Welcome to the Vision Transformer Training and Inference repository! This project aims to provide training scripts for various pretrained vision transformers like Mask2Former and SegFormer. Additionally, we will implement different inference pipelines for these models.
Vision transformers have revolutionized the field of computer vision by leveraging the power of transformers for image processing tasks. This repository provides scripts to train and perform inference using state-of-the-art vision transformers like Mask2Former and SegFormer.
- Training Scripts: Easily train vision transformers on your custom datasets.
- Inference Pipelines: Perform inference using trained models.
- Customizable: Modify training parameters and augmentations to suit your needs.
- Preprocessing: Includes image preprocessing and augmentation techniques.
To get started, clone the repository and install the required dependencies:
git clone https://github.com/jonleinena/mask2former.git
cd mask2former
pip install -r requirements.txtTo train a model, use the train.py script. You can specify various parameters such as dataset path, image size, model name, and more.
python3 train.py --dataset_path /path/to/dataset --img_size 1024 1024 --model_name_or_path facebook/mask2former-swin-small-ade-semantic --output_path weights --learning_rate 0.0001 --epochs 10Inference scripts will be added soon. Stay tuned!
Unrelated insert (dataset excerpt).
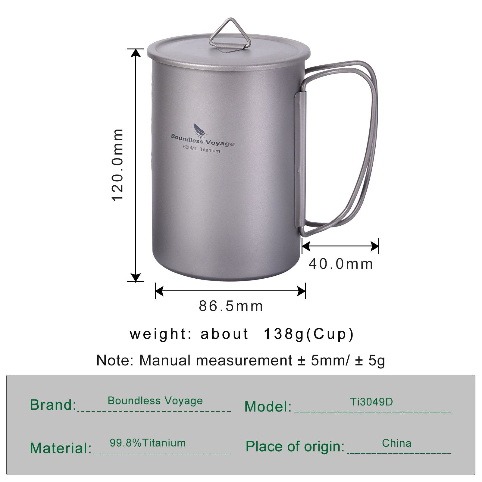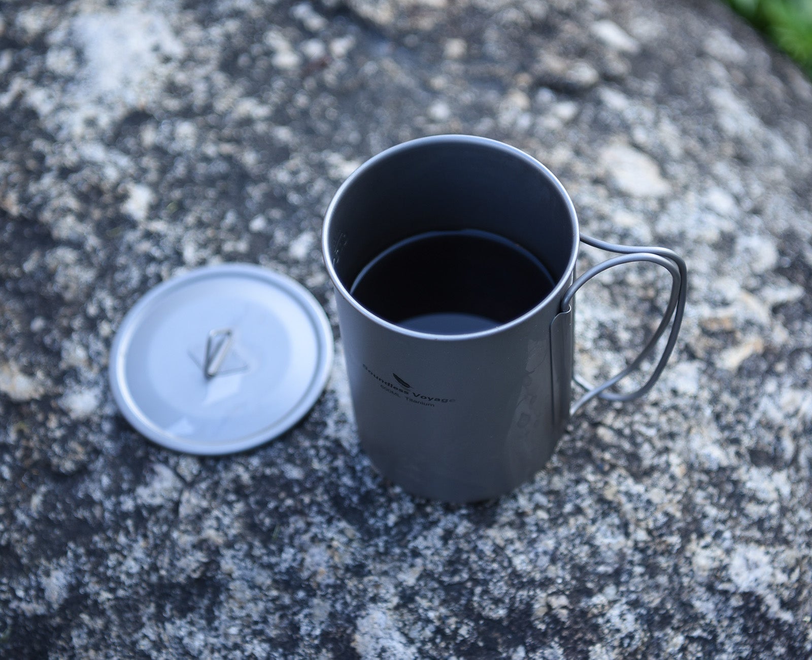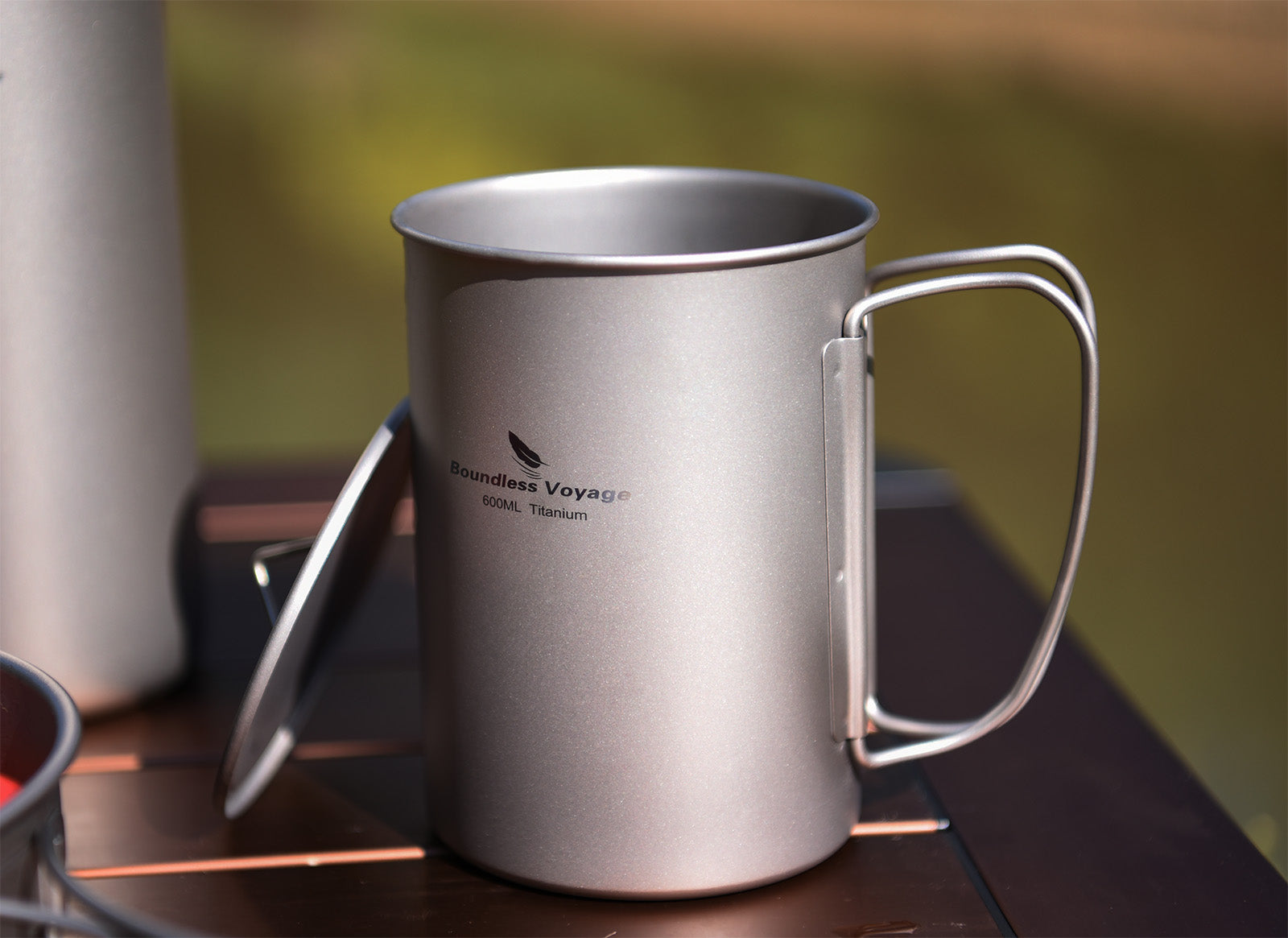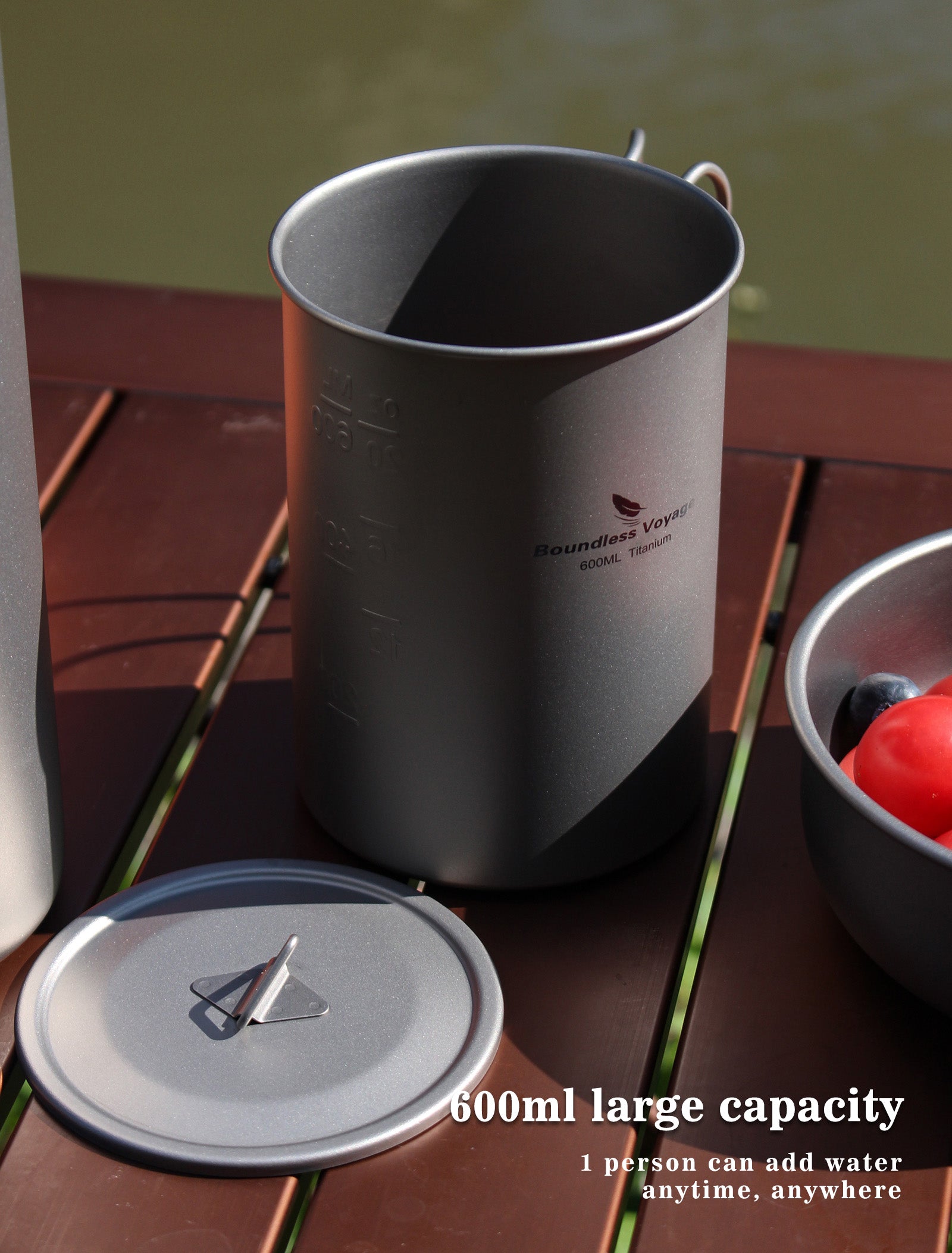 Boundless Voyage Titanium Cup with Flat Lid Lightweight Portable Tea Coffee Wine Dinnerware for Backpacking Hiking Camping Picnic

- Implement training script for Mask2Former
- Implement training script for SegFormer
- Add inference pipeline for Mask2Former
- Add inference pipeline for SegFormer
- Add support for more vision transformers
- Improve documentation and add examples
It's still early stage so no contributions asked. Maybe will open up space for them in the future.
This project is licensed under the MIT License. See the LICENSE file for details.